The Bell Jar: I Feel Nothing

The Bell Jar is one of those books that everyone tells you you need to read: "You must read The Bell Jar!" "What do you mean you've never read The Bell Jar?" "How could you not have read The Bell Jar?!"

So I read The Bell Jar. And it did nothing for me. 

In case you're like me and had only heard of The Bell Jar from references in pop culture, it's the story of Esther, a discontented college-aged woman in the 1950s. Esther's got this cushy internship at a women's magazine, but she thinks it's bullshit. She has these friend she goes out with, but she thinks they're shallow. She wants to get laid (well, actually, she decides that getting laid is something she wants to do), but has no idea how to go about it. And, finally, she hasn't gotten into the program of her choice in college.

Basically, she might as well be a character in any movie about twentysomethings ever made, except with fewer yucks and more ptomaine poisoning.

Anyways, she decides she needs to commit suicide with the same dreary determination as she decides that she needs to get laid.

After a few failed attempts (I can't decide if they were supposed to be funny or tragic or just lame), she almost manages. Unfortunately for all of us someone finds her before she's completely dead and the book doesn't end there.

This is where we get into Phase 2 of The Bell Jar where she spends some time in an asylum where she gets electroshock therapy. She meets more random people.

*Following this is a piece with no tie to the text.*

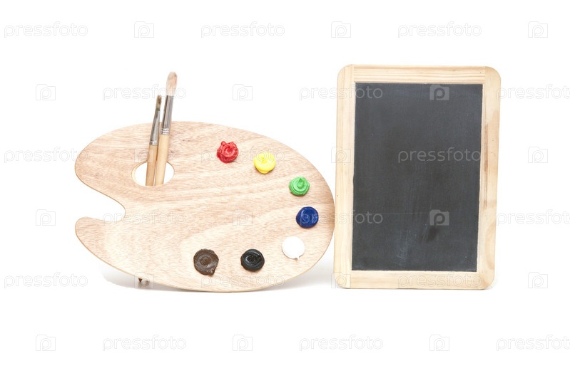 Доска, палитра и карандаши на белом фоне

I care for everyone even less than previously. No one seems to get better or grow as a character. I feel incredibly numb and start to wonder if I'm not suffering from depression myself. Then someone dies. And then I really hope that all the characters eventually die so that the book will end.

But then Esther starts feeling better -- or the doctors say she's feeling better -- and then the book ends. 

And then I think about how much I really do not care whether or not Esther is going to be OK.

That space invader is more compelling.
I know Esther is supposed to be depressed, but I didn't get "depressed" from her. I got "discontented". I got "trapped". I got "unhappy". But I didn't get "depressed". Esther seems to just hate her life rather than hating living. There is no overwhelming feeling of despair. And while many a webcomic shared on FB and Twitter has explained that depression is more about feeling nothing than feeling sad, I did not get a feeling of nothingness from Esther. I just felt like Esther just doesn't like what she's doing and is suffering from the typical twentysomething malaise compounded by the fact that as a woman in the 1950s she has limited choices. I get that and I'm OK with that, but it really made the suicide attempts feel like melodrama (if you've ever had a friend who wrote suicide notes on a weekly basis, you know what I mean).

She's basically unhappy.

It would have been more poignant if they had institutionalized her for being unhappy. But as it stands, they institutionalized her for trying to kill herself, which is not unreasonable.

I think my biggest obstacle to feeling anything about The Bell Jar was that I really didn't care about Esther. Esther wasn't developed enough as a character for me to care about her at all. She was like my coworker's niece's next door neighbour's cousin who lost an internship and didn't get into college and then ended up in the hospital for a psych evaluation. That's really sad, and I'm really sorry for her, but I've gotta go grab some lunch, so we'll talk later.